◆ What to produce ◆
Make an exact transcript of the lines in the data below, starting with the one containing "90%Quaderno es un" and going on through the one containing "15连胜!温州队战胜台州队,锁定巅峰八强!", with both included and the pictures left out.
Start of Exercise data
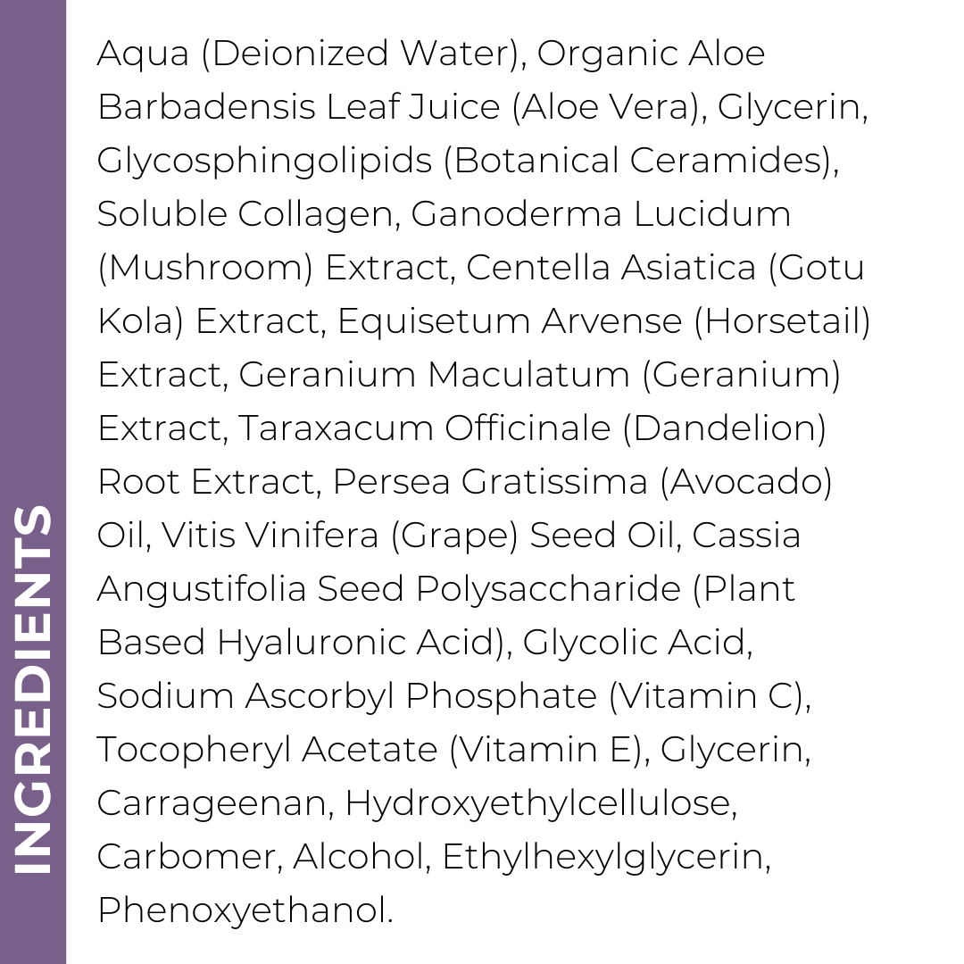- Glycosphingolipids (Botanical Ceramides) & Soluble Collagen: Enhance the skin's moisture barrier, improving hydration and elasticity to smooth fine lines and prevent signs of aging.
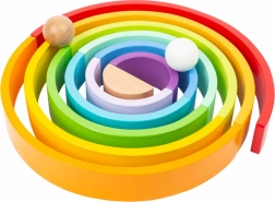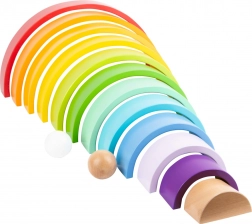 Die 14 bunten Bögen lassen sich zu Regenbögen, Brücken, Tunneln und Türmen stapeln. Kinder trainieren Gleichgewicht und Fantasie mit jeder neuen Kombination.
End of Exercise data
Start of Exercise data
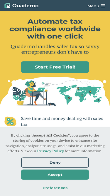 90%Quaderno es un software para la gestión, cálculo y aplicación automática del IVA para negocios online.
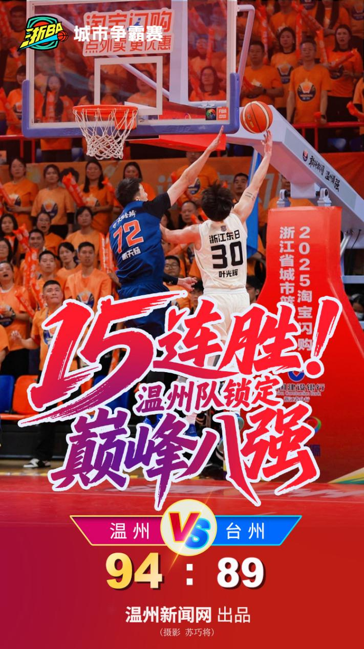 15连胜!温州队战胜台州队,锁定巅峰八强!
End of Exercise data
Start of Exercise data
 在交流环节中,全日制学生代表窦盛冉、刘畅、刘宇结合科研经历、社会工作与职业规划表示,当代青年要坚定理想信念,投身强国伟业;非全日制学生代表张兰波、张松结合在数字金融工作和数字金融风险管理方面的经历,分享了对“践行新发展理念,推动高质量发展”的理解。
End of Exercise data
◆ Answer area ◆
 90%Quaderno es un software para la gestión, cálculo y aplicación automática del IVA para negocios online.
 15连胜!温州队战胜台州队,锁定巅峰八强!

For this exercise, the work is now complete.